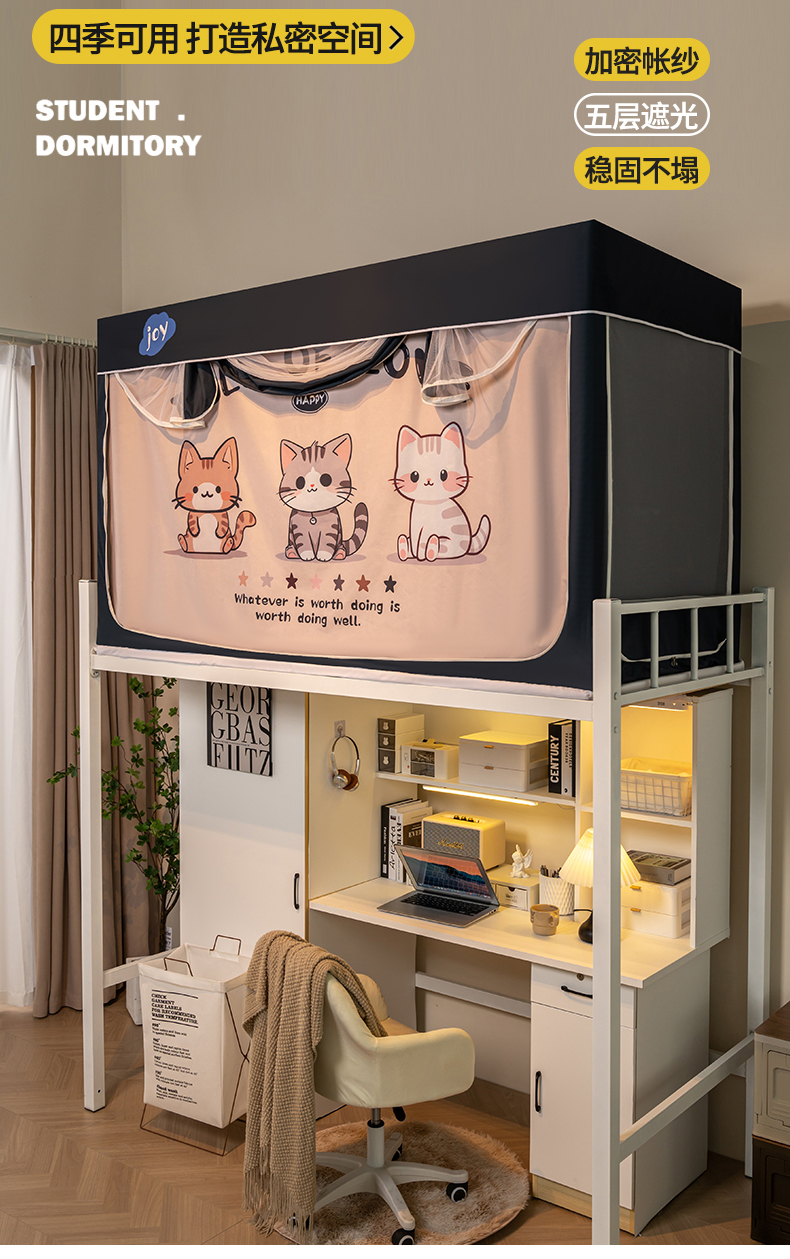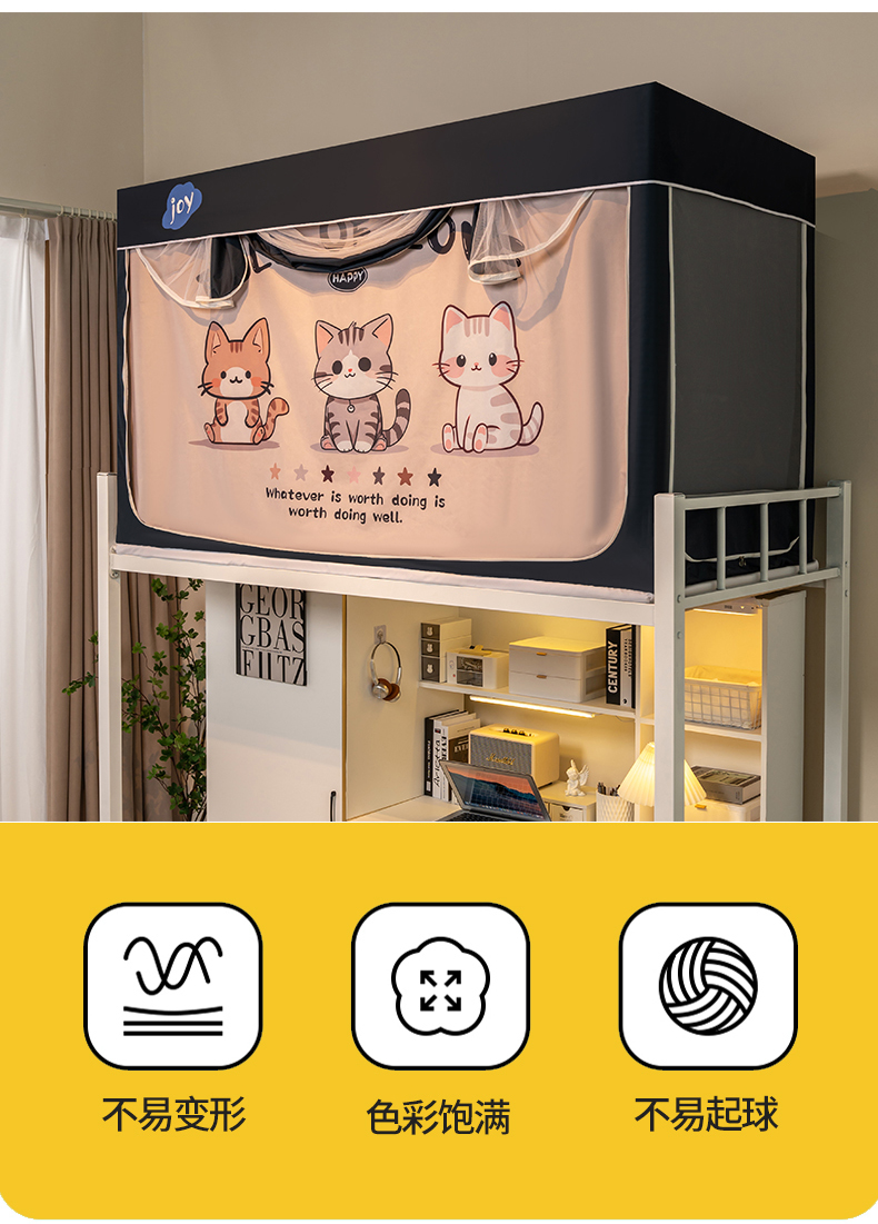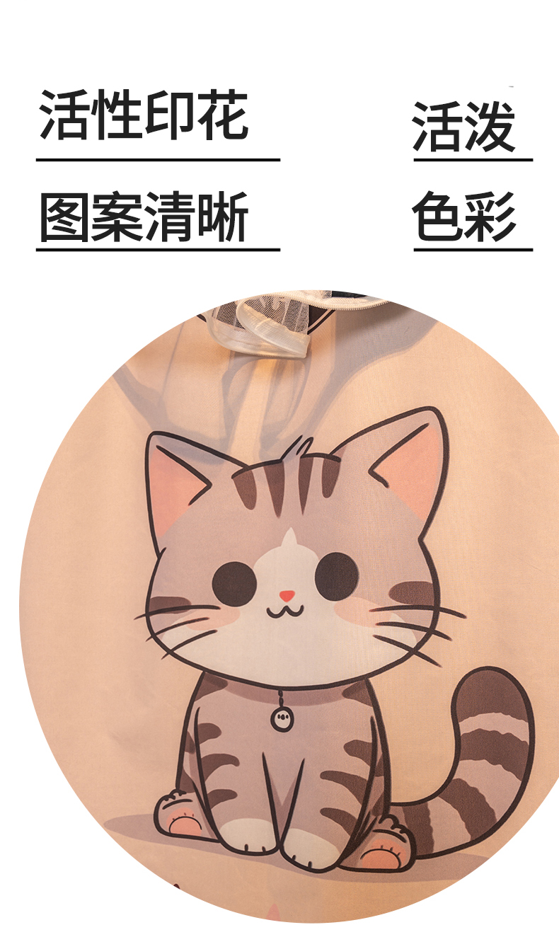 商品名称:新太阳蚊帐 2025新款大空间卡通印花窗帘款学生宿舍涂层强遮光加密网纱蚊帐 三只小猫
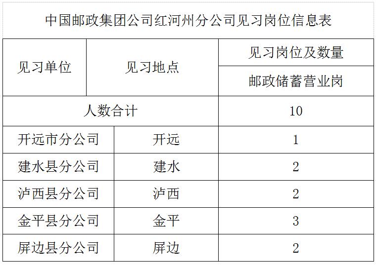 根據(jù)云人社發(fā)[2009]132號關(guān)于印發(fā)《云南省高校畢業(yè)生見習(xí)工作實(shí)施意見的通知》精神,為幫助高校畢業(yè)生通過就業(yè)見習(xí)升華理論知識、增長實(shí)踐技能、提升就業(yè)能力、盡快實(shí)現(xiàn)就業(yè),中國郵政集團(tuán)公司紅河州分公司現(xiàn)面向社會提供10個見習(xí)崗位,現(xiàn)將見習(xí)崗位信息公布如下:
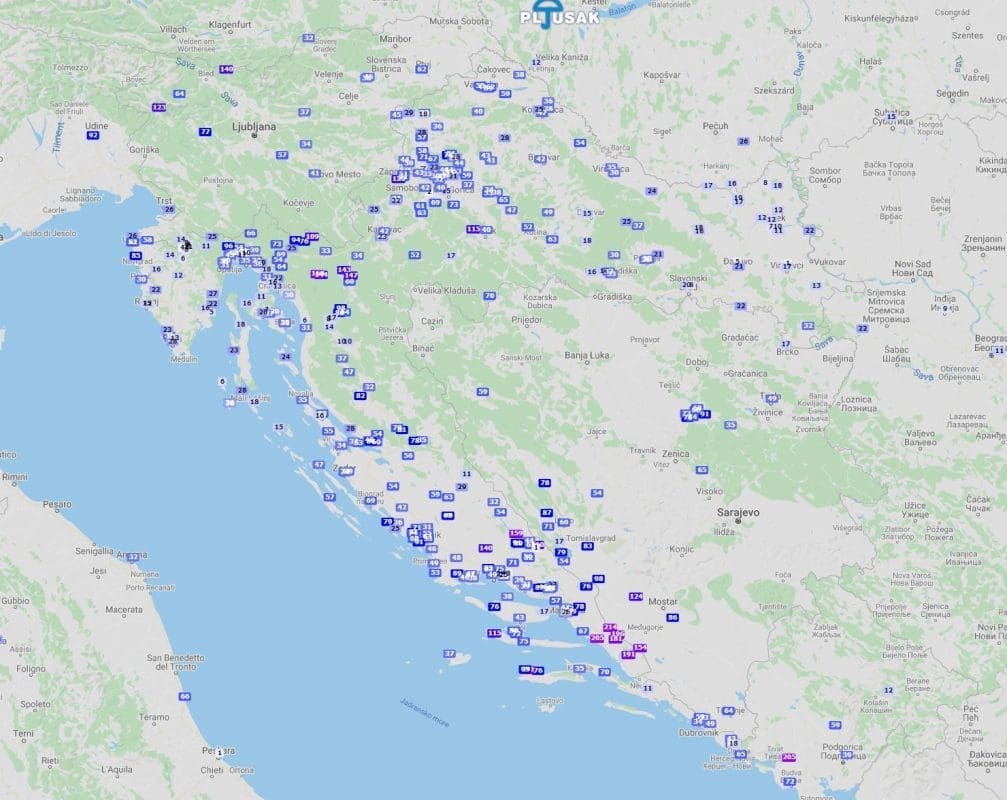 Zanimljivo, od aktualne ciklone najmanje je palo u Splitu, od 25 do 50 litara po kvadratnom metru.
------------------------------------------------
# Task to complete:
Only the lines between the one containing "根據(jù)云人社發(fā)" and the last line of the listing above, both included, should be written out, exactly and without pictures.

# Answer to the problem:
 根據(jù)云人社發(fā)[2009]132號關(guān)于印發(fā)《云南省高校畢業(yè)生見習(xí)工作實(shí)施意見的通知》精神,為幫助高校畢業(yè)生通過就業(yè)見習(xí)升華理論知識、增長實(shí)踐技能、提升就業(yè)能力、盡快實(shí)現(xiàn)就業(yè),中國郵政集團(tuán)公司紅河州分公司現(xiàn)面向社會提供10個見習(xí)崗位,現(xiàn)將見習(xí)崗位信息公布如下:
 Zanimljivo, od aktualne ciklone najmanje je palo u Splitu, od 25 do 50 litara po kvadratnom metru.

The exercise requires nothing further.